OdpowiedzUsuńPotrzeba jest matką wynalazków, własnoręczne zbiorniki na deszczówkę wyglądają naprawdę dobrze :)
OdpowiedzUsuńJaka mata piankowa dla niemowlaka jest najlepsza?
OdpowiedzUsuńOpinie o trek marlin 6 2022
OdpowiedzUsuńPodziwiamy osoby rozwijające swoje pasje. Rękodzieło to piękna ale wymagająca czasu i cierpliwości pasja.

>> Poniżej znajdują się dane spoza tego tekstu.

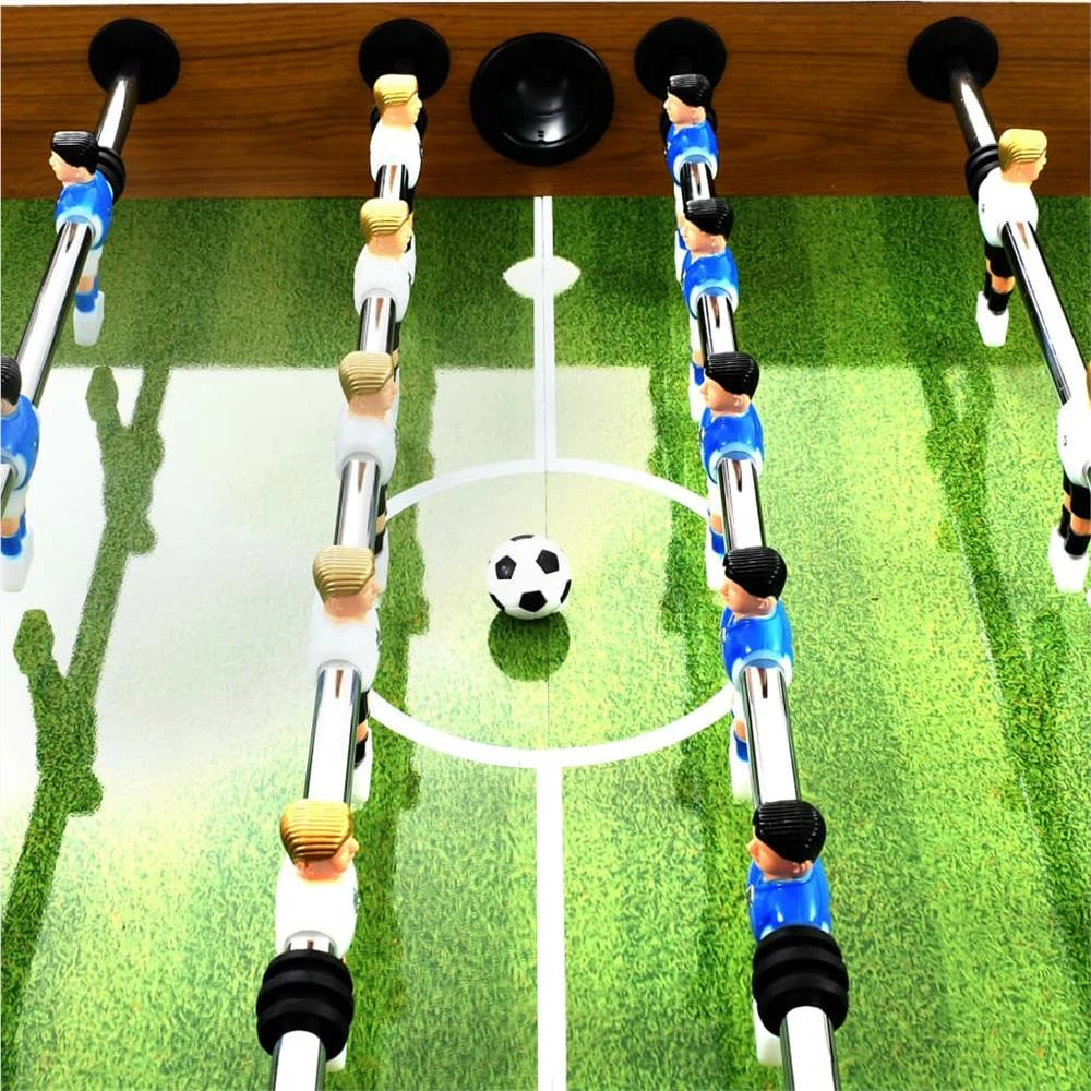 Host a professional table football game in the comfort of your own home with this football table. It is suitable for one-on-one competition or group play. The table is made of MDF and has stable legs, which make it convenient to use and it has a great price-performance ratio. The dimensions of the printed pitch conform to the official tournament standard, which gives you a realistic playing experience. The table is equipped with flexible sliding player rods with non-slip handles for easy and comfortable playing. The legs are adjustable in height for more flexibility. A complete table football game will be delivered, including 2 goals, 2 footballs, 2 scoreboards, 8 player rods and 22 players.

OdpowiedzUsuńNa posesji moich rodziców jest stara studnia, w okresie PRL jeszcze intensywnie użytkowana. Woda w niej jest dobrej jakości, więc miała miejsce reaktywacja. Wystarczyło zamontować nowy łańcuch do studni i ocynkowane wiadro - duża frajda. Natomiast beczka do zbierania deszczówki też jest - ustawiona w strategicznym miejscu i wszystko do niej spływa jak należy :)

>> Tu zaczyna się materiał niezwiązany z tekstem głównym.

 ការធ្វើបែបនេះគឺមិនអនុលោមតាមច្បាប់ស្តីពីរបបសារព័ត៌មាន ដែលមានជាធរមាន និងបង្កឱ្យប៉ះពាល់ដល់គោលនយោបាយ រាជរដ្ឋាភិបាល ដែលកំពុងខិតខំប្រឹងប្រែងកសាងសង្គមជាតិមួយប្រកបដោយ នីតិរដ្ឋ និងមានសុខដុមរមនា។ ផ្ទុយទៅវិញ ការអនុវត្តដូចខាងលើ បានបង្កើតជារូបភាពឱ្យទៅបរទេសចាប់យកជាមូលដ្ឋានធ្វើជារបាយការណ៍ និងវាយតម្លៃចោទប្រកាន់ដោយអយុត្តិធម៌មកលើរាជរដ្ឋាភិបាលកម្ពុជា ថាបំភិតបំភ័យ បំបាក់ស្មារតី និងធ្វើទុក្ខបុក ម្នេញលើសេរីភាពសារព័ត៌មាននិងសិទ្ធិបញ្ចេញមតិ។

OdpowiedzUsuńŚwietny post! Od jakiegoś czasu zainteresowałam się tematem zbiorników na deszczówke. Myśle, że jest to dobre rozwiązanie w przypadku ograniczonej przestrzeni. A same przedsięwzięcie korzystne zarówno dla portfela jak i środowiska:)
OdpowiedzUsuńRewelacyjny blog. Na ten blog na pewno będę wracał.
OdpowiedzUsuńBardzo ciekawy wpis!
OdpowiedzUsuńOszczędzaj miejsce, dbaj o środowisko i ciesz się wygodą - wszystko to dzięki beczkom na wodę z Ekofabryki! Sprawdź naszą ofertę już dziś i znajdź idealne rozwiązanie dla siebie- beczki na wodę.
OdpowiedzUsuńWanny galwaniczne są specjalistycznymi zbiornikami wykorzystywanymi w procesach galwanizacji i obróbki powierzchniowej. Zaprojektowane z myślą o odporności na agresywne chemikalia, wanny te są wykonane z trwałych materiałów, które zapewniają długą żywotność i niezawodność. Wanny galwaniczne są dostępne w różnych rozmiarach i kształtach, co pozwala na ich dopasowanie do specyficznych wymagań produkcyjnych.